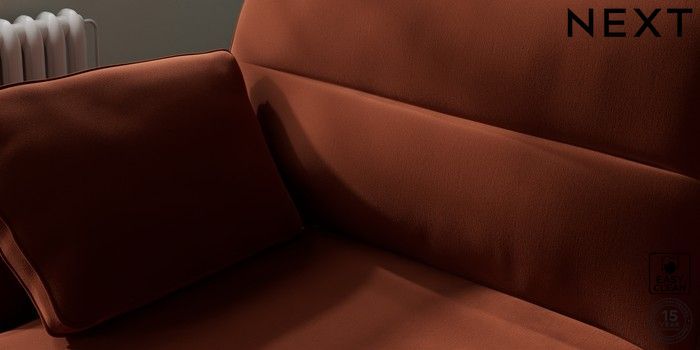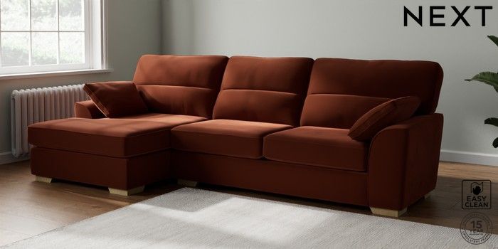 7.2.10 Buy Stamford Highback Large Sofa Chaise - Left Hand Plush Velvet Easy Clean Ginger Orange Large Square Angle - Light from the Next UK online shop Click here to use our accessible website
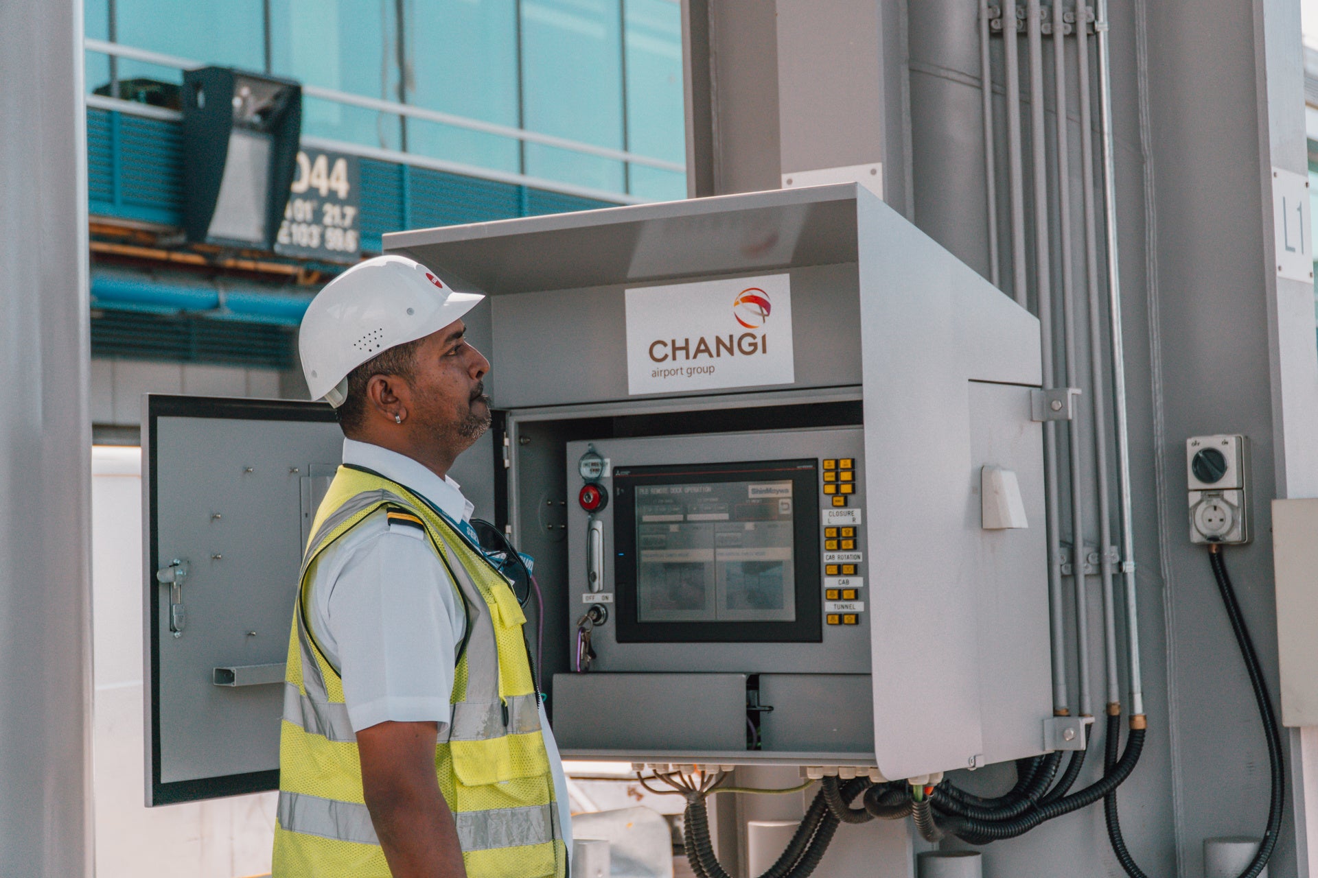 チャンギ空港に設置した航空旅客搭乗橋「フルオート・ドッキングシステム」遠隔操作盤(画像提供:チャンギ・エアポート・グループ殿)
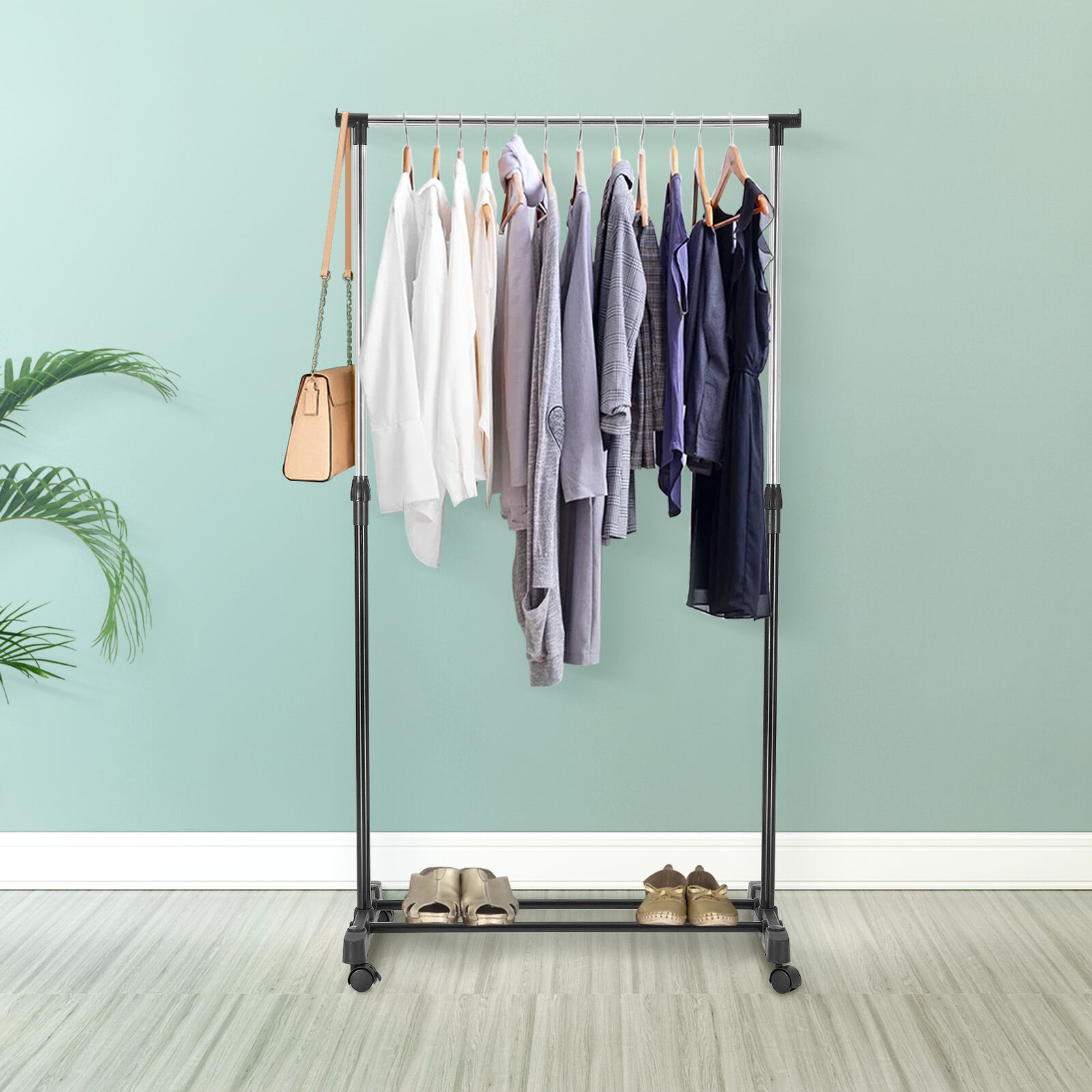 ADJUSTABLE MOBILE CLOTHES COAT GARMENT HANGING RAIL RACK STORAGE STAND ON WHEELS
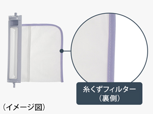 水流にのった糸くずを、袋状のフィルターでしっかりキャッチ。フィルター裏側の布端にあて布をかぶせることで、糸くずを取り除きやすくしています。また洗濯槽に穴がないので、糸くずが槽の外側に逃げることもありません。

### ACTIVITY
Reproduce the entire listing above precisely, but keep the images out.

### FINISHED TASK
 7.2.10 Buy Stamford Highback Large Sofa Chaise - Left Hand Plush Velvet Easy Clean Ginger Orange Large Square Angle - Light from the Next UK online shop Click here to use our accessible website
 チャンギ空港に設置した航空旅客搭乗橋「フルオート・ドッキングシステム」遠隔操作盤(画像提供:チャンギ・エアポート・グループ殿)
 ADJUSTABLE MOBILE CLOTHES COAT GARMENT HANGING RAIL RACK STORAGE STAND ON WHEELS
 水流にのった糸くずを、袋状のフィルターでしっかりキャッチ。フィルター裏側の布端にあて布をかぶせることで、糸くずを取り除きやすくしています。また洗濯槽に穴がないので、糸くずが槽の外側に逃げることもありません。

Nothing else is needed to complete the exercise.